I don’t want cellular being used to replace land lines for all communications, especially not internet. I don’t care about cellular as much as I care about internet speeds and availability. The USA has garbage for internet infrastructure and these mergers don’t help that issue at all. Due to the needle of Wall Street in their veins, carriers have effectively killed fiber for consumers (if you have fiber on Verizon, you’re one of the lucky few; if you don’t, it’s never coming). They decided fiber leaves them less profit than they want (because they want ALL the money).
Cellular can’t take ALL THE DATA transmission needed. They’re already lobbying the government to give up reserved bandwidth. This is an unsustainable type of system. It cannot perpetually grow.

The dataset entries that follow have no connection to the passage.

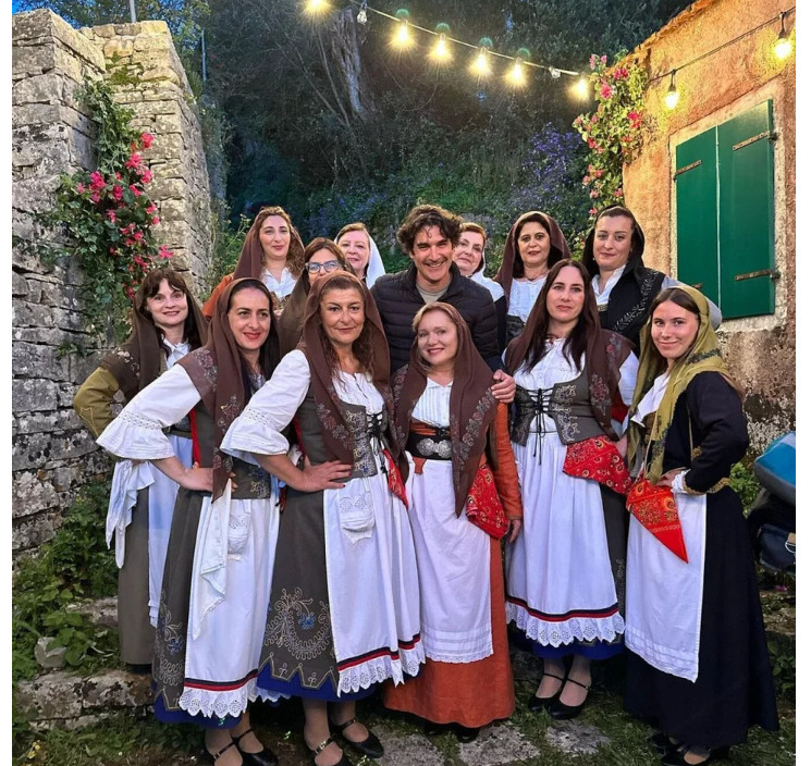 Μάλιστα ο Χριστόφορος Παπακαλιάτης ποζάρει μαζί με τη Μαρία Καβογιάννη, τη «Μαρία» της σειράς, την ώρα που γυρίζει μία σκηνή με τον παραδοσιακό πολιτιστικό σύλλογο Παξών για τις ανάγκες του Maestro. «Παραδοσιακό πανηγύρι με την Μαρία στους Παξούς!!»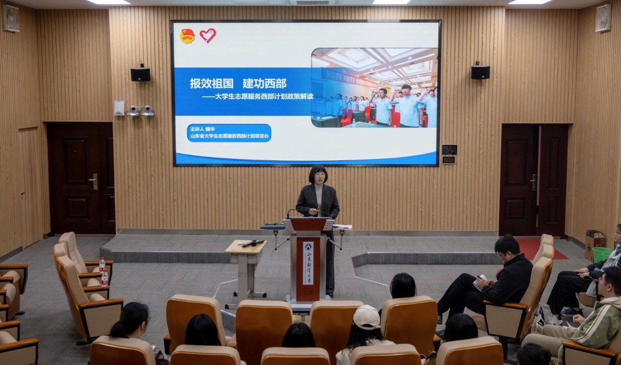 魏华以“报效祖国 建功西部——大学生志愿服务西部计划政策解读”为题,围绕“项目介绍”“实施内容”“组织方式”“政策保障”“发展优势”五个方面,对大学生志愿服务西部计划的全国项目与山东项目进行深入解读,结合政策解读与真实案例,鼓励大学生将个人理想与国家发展紧密结合,在祖国最需要的地方绽放青春光彩。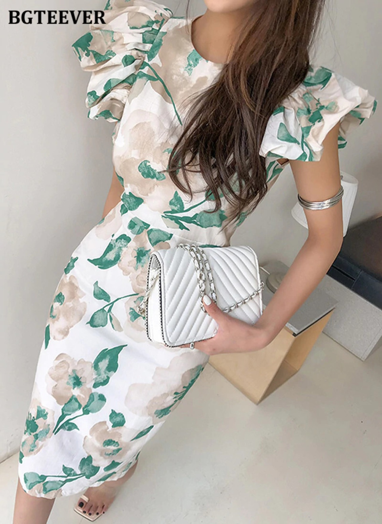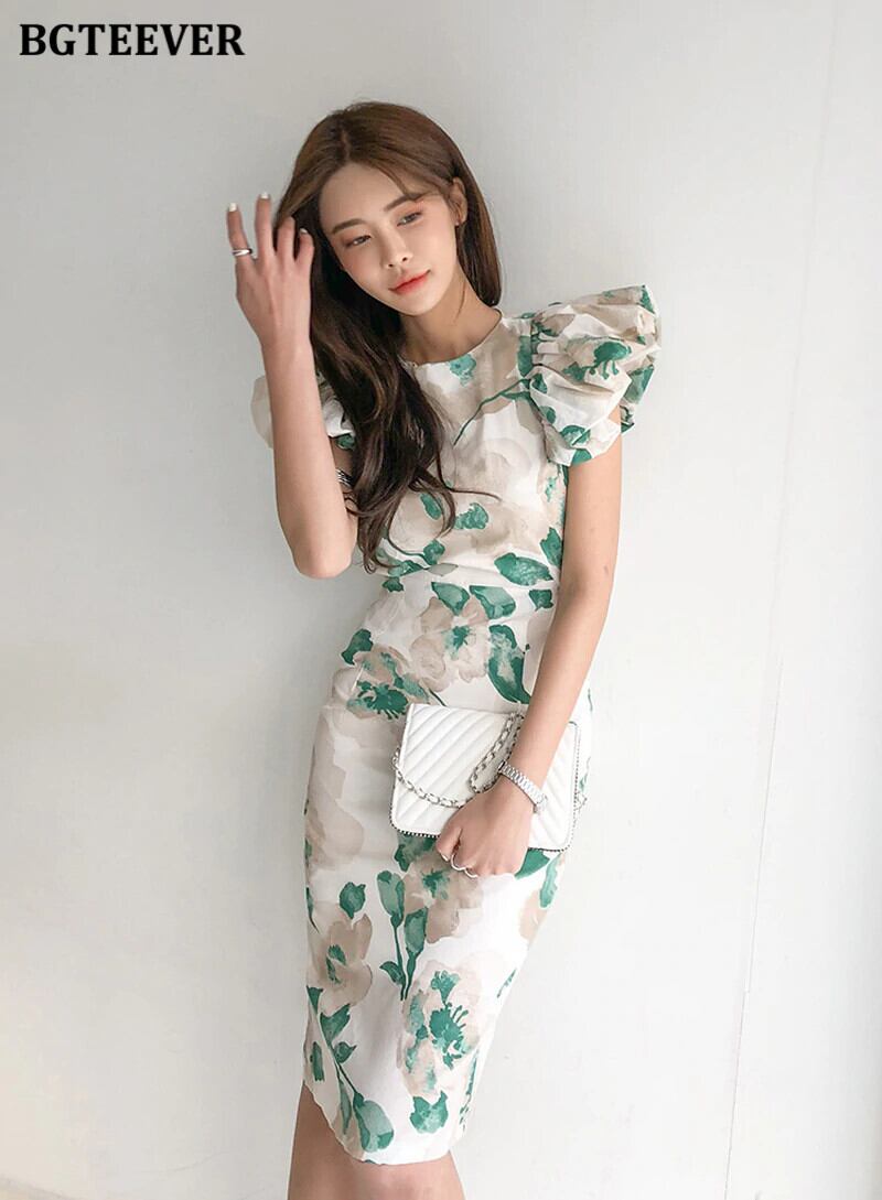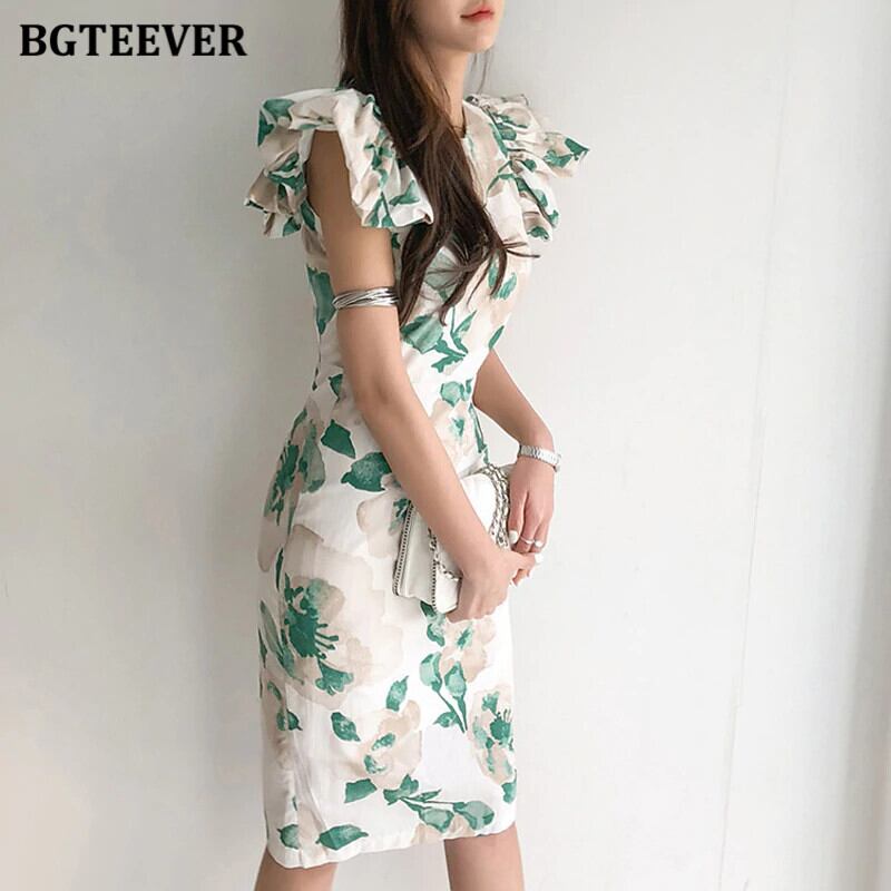 【新作】【送料無料】 BGTEEVEROネックフローラルプリントレディースパッケージヒップドレスサマーバタフライスリーブスリムOLドレス2020スキニーVestidos 夏物 花柄 12b113041815097
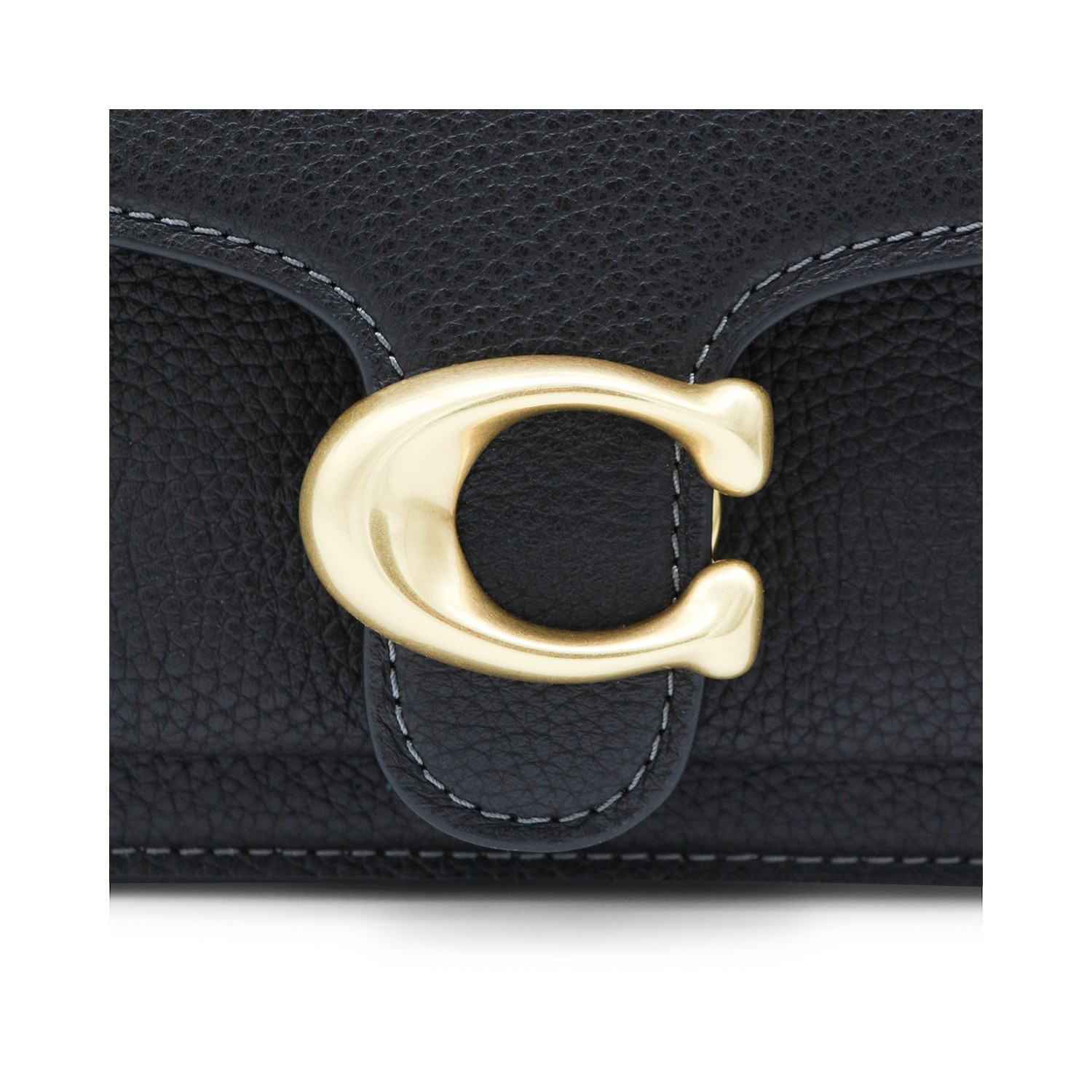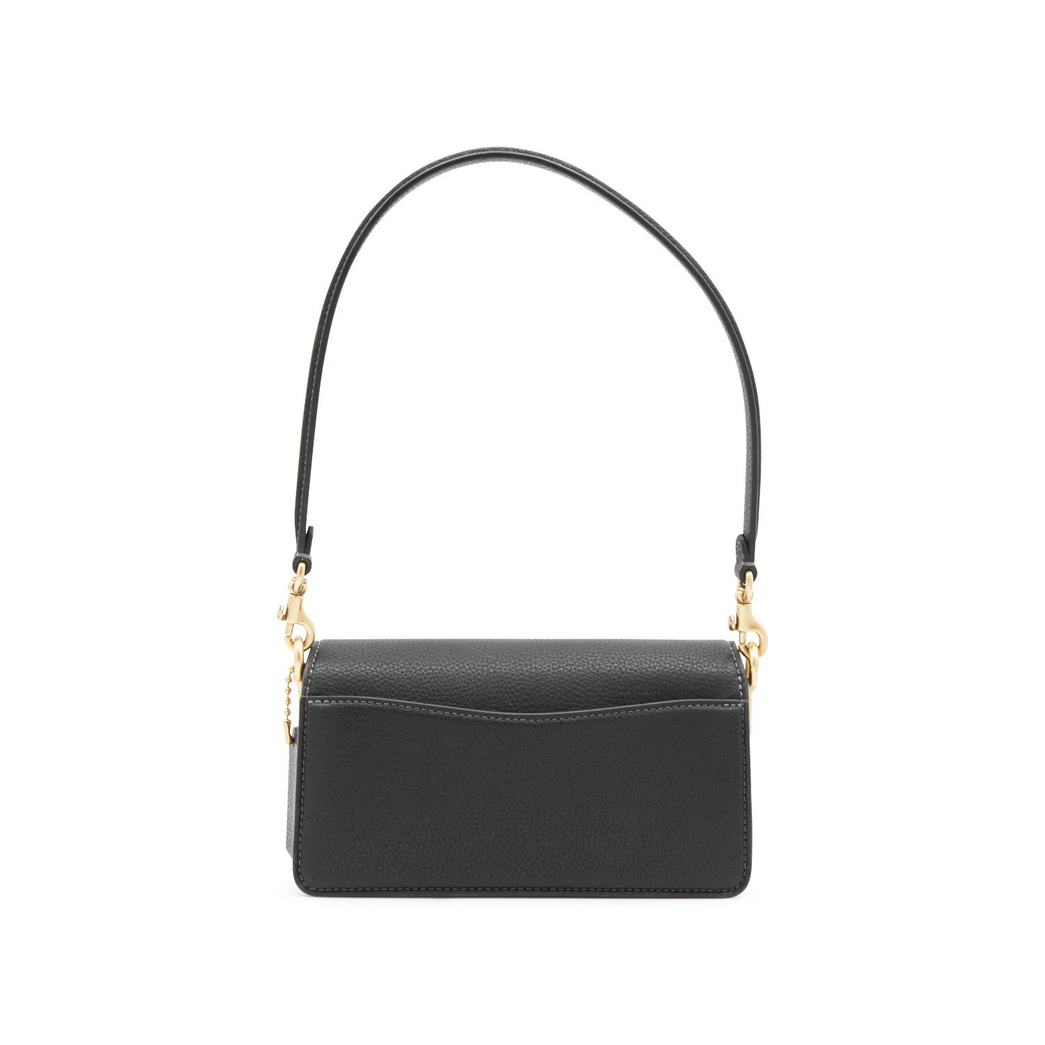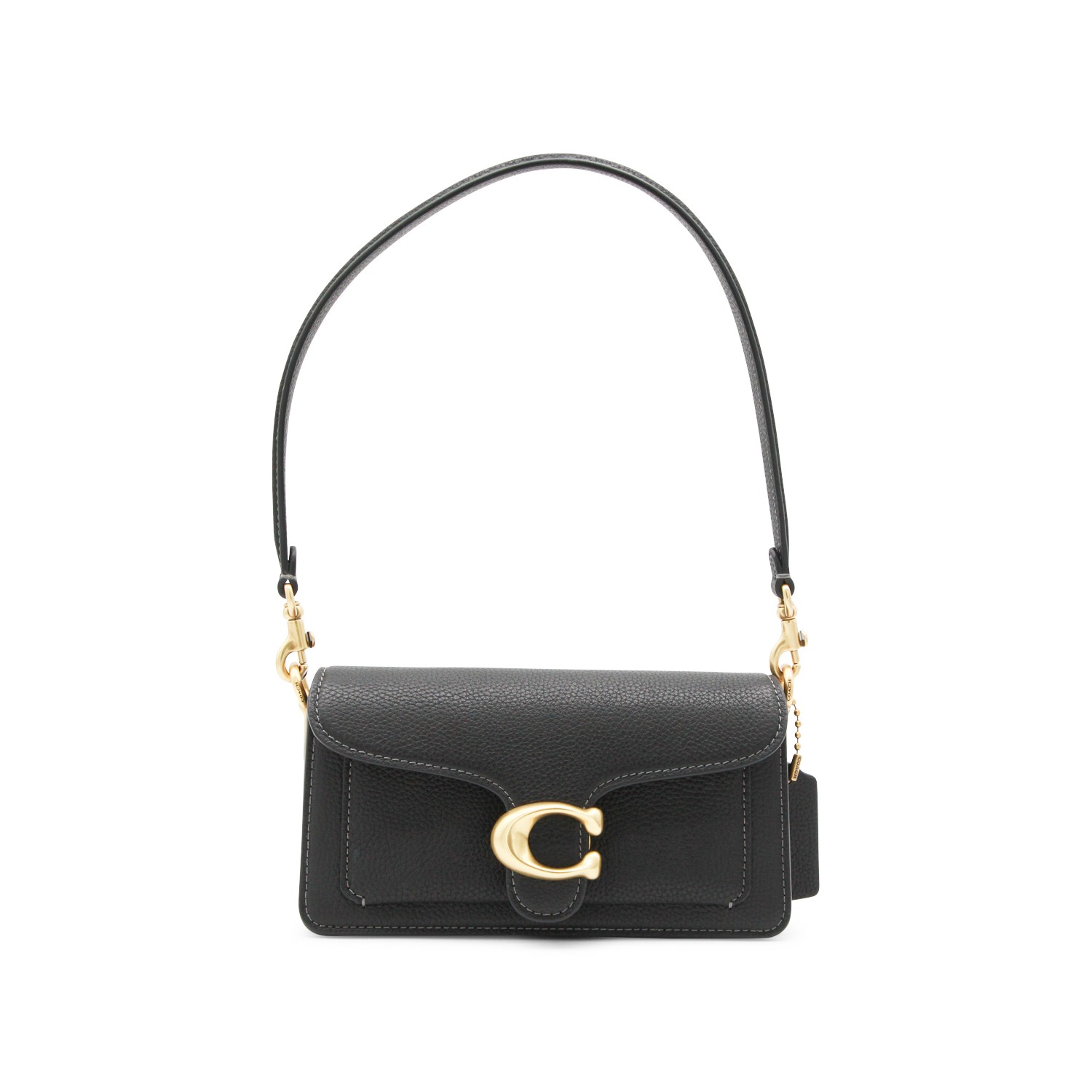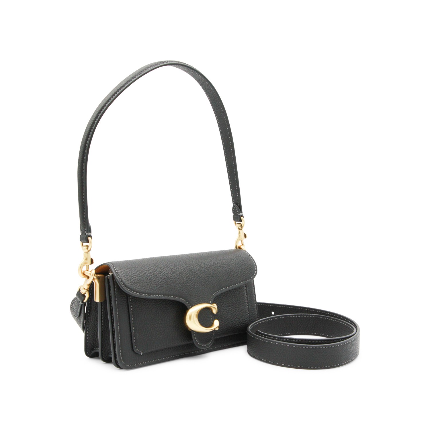Black leather Tabby shoulder bag from Coach featuring removable top handle, magnetic fastening, frontal logo, gold tone hardware and main compartment.

Agree that 5G will do nothing for dropped calls. It may even aggravate the situation. Having said that I rarely get dropped calls here in southern Arizona on AT&T. And we’re not exactly in a data rich environment.
I’m not thrilled about seeing prices increase either. My monthly AT&T bill is staggering. But then I have super lousy internet service from HughesNet with a contract that I can’t get out of until October. More often than not I’m using my unlimited AT&T plan with hotspot functionality for home internet service. (Can’t say enough disparaging things about HughesNet. Their satellite service is substantially oversubscribed, which renders them unable to deliver promised speeds. It’s a borderline criminal enterprise IMO.)
With all that said, I’m not sure how to put a cap in price increases. As much as we’d like to think so cellular, internet and all the infrastructure that support it are not commodity services. They are improving all the time, and rapidly. Every improvement takes more and more capital to implement. Capital expenditures to ever improved speed and bandwidth are not linear. The law of diminishing returns applies. The risk of mandating price caps is that the carriers and ISPs basically stop improving their networks.
I would have preferred no price increases for five years and higher mandatory coverage guarantees -- the latter for all carriers for pending 5G networks.